This project focused on building software for coordinated multi-UAV behavior in a search-and-rescue setting. My work centered on autonomy infrastructure, dispatch coordination, and simulation-driven validation for multi-vehicle missions.
What I Worked On
- built a multi-UAV dispatch coordination system for dynamic task assignment
- implemented mission and flight-control nodes for autonomous mission behavior
- integrated PX4 and MAVROS for synchronized multi-vehicle operation
- helped develop a full autonomy test stack using PX4 SITL, Gazebo, and
robot_localization - supported repository maintenance, documentation, and reproducible development workflows
Technical Focus
A major part of this project was connecting mission-level decision making with lower-level vehicle control. That meant thinking about how multiple UAVs would receive assignments, update state, and coordinate behavior in a way that could be tested safely in simulation before real deployment.

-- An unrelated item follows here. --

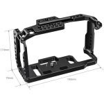 The cage features built-in NATO rails on the top and left side for attaching handles, as well as 1/4″ and 3/8″ threaded holes and ARRI locating holes for additional accessories. It also has a built-in hex spanner on the bottom plate. For users who record videos, a Samsung T5 SSD Mount 2245B is recommended, and the cage is compatible with SmallRig HDMI & USB-C Cable Clamp 2246B and SmallRig Metabones Adapter Support 2247. The cage allows for unobstructed access to the cameras battery and SD card.
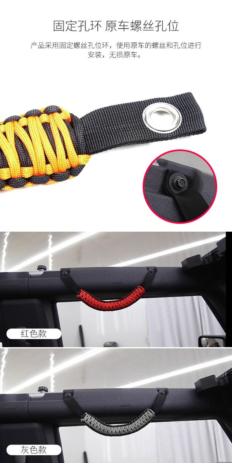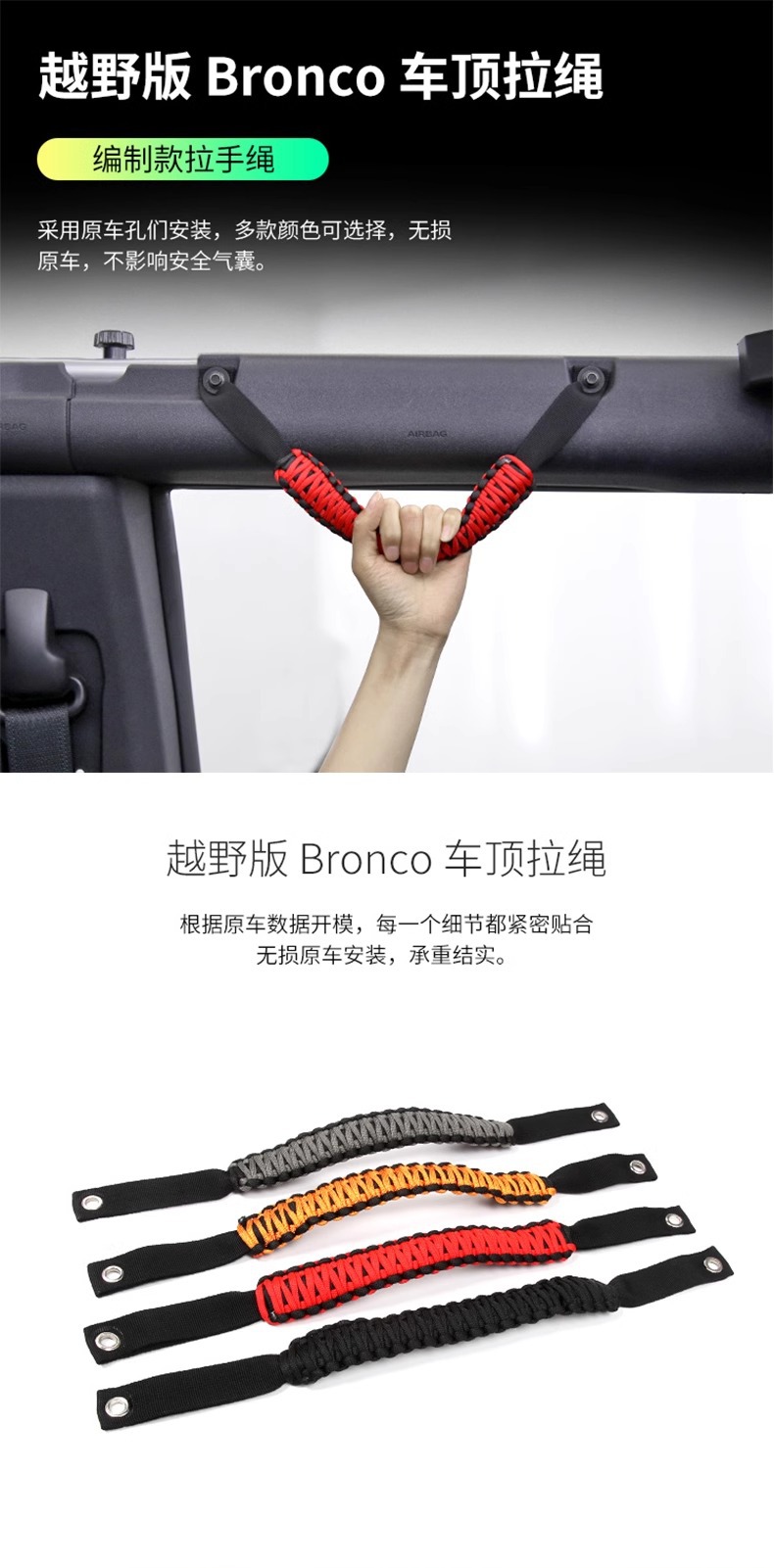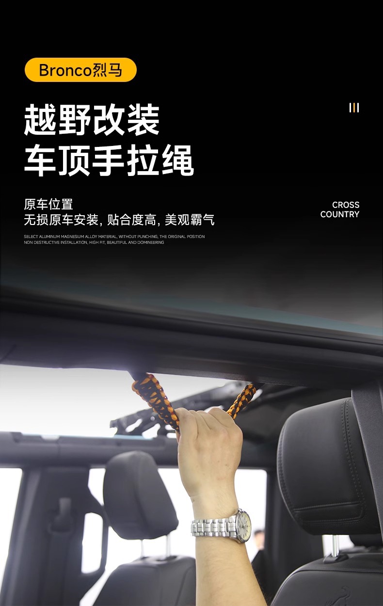 Suitable for Ford Liema BRONCO front roof handle rope anti-roll bar door grab rope interior modification parts

I also worked on simulation-based validation to test navigation, state estimation, and multi-UAV interactions. This helped create a more reliable development loop and made it easier to iterate on autonomy logic before hardware integration.
What I Learned
This project strengthened my experience with robotics software architecture, ROS2-based development, and simulation-first validation. It also gave me deeper exposure to autonomy pipelines, version-controlled collaboration, and building systems intended for reproducibility and sponsor-facing deliverables.